Online Proximal ADMM for Graph Learning from Streaming Smooth Signals

TL;DR

The paper tackles online learning of dynamic graph topology from streams of nodal signals assumed to be smooth on the latent graph. It introduces OPADMM, an online proximal-ADMM algorithm that updates the edge-weight vector in a time-varying, memory-efficient manner, leveraging a proximal term to regularize temporal variation. The method provides closed-form proximal updates and demonstrates sublinear static regret under mild assumptions, with per-iteration cost $\mathcal{O}(r)$ where $r=\frac{n(n-1)}{2}$. Empirical results on synthetic and real graphs show that OPADMM tracks slowly varying connectivity more effectively than state-of-the-art online baselines, confirming its practical utility for streaming graph learning.

Abstract

Graph signal processing deals with algorithms and signal representations that leverage graph structures for multivariate data analysis. Often said graph topology is not readily available and may be time-varying, hence (dynamic) graph structure learning from nodal (e.g., sensor) observations becomes a critical first step. In this paper, we develop a novel algorithm for online graph learning using observation streams, assumed to be smooth on the latent graph.

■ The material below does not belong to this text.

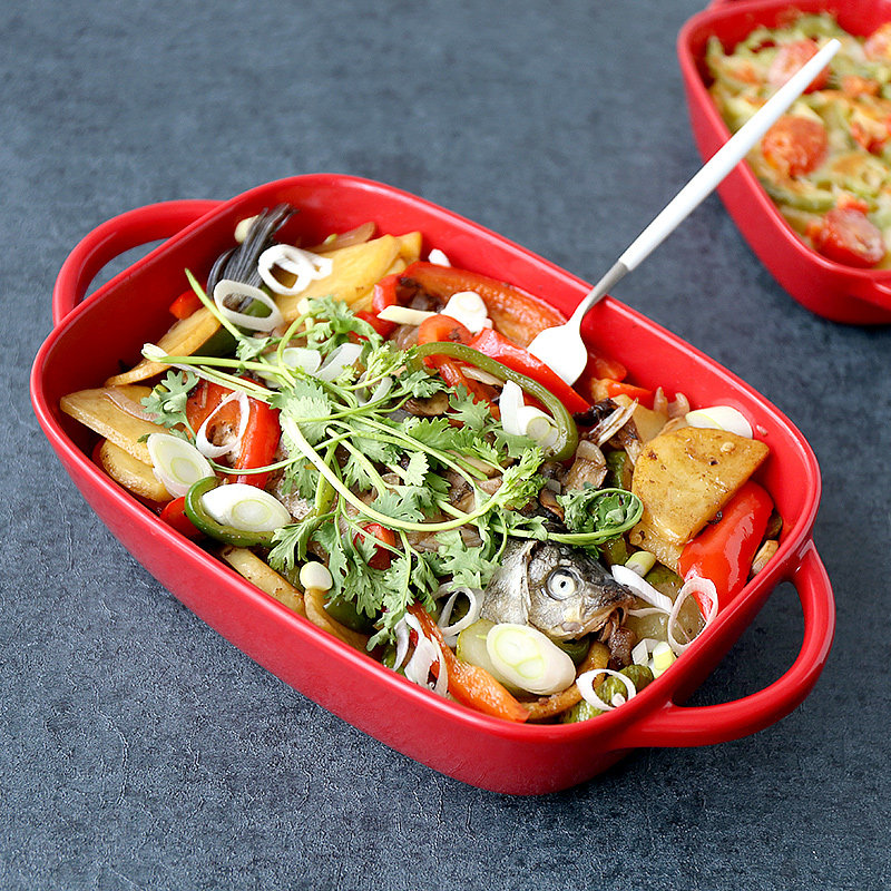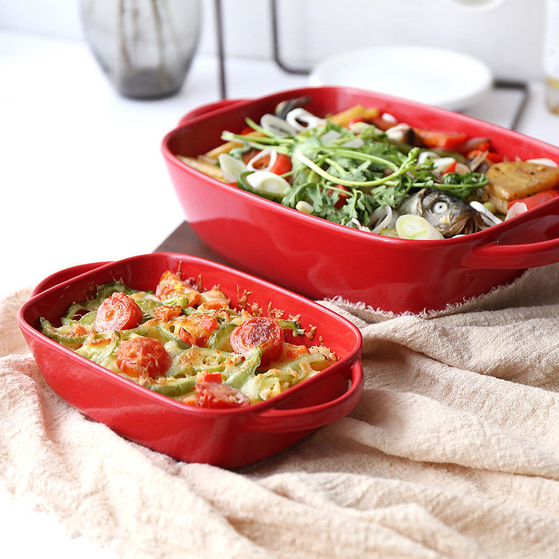 Red double ear baking tray-small number red double ear baking tray-large number small number two-ear baking pan-yellow trumpet double-ear baking pan-blue trumpet double-ear baking pan-green

Unlike batch algorithms for topology identification from smooth signals, our modus operandi is to process graph signals sequentially and thus keep memory and computational costs in check. To solve the resulting smoothness-regularized, time-varying inverse problem, we develop online and lightweight iterations built upon the proximal variant of the alternating direction method of multipliers (ADMM), well known for its fast convergence in batch settings. The proximal term in the topology updates seamlessly implements a temporal-variation regularization, and we argue the online procedure exhibits sublinear static regret under some simplifying assumptions. Reproducible experiments with synthetic and real graphs demonstrate the effectiveness of our method in adapting to streaming signals and tracking slowly-varying network connectivity. The proposed approach also exhibits better tracking performance (in terms of suboptimality), when compared to state-of-the-art online graph learning baselines.

Figures (2)

• Figure 1: Convergence behavior illustrated via the evolution of suboptimality $\|\mathbf{w}^{(k)}-\hat{\mathbf{w}}\|_{2}$ for synthetic random graph models with $n=100$ nodes: (a)-(c) stationary graphs , and (d)-(f) time-varying graphs. For the dynamic networks , the topology changes at $k=1000$. In stationary settings , our proposed method converges faster than online PG and DPG algorithms , while in dynamic settings , it demonstrates superior adaptability to changes in network topology.
• Figure 2: Convergence behavior illustrated via the evolution of suboptimality $\|\mathbf{w}^{(k)}-\hat{\mathbf{w}}\|_{2}$ for real-world graphs from the datasets Davis2011. Our proposed method converges faster than online PG and DPG algorithms in all cases.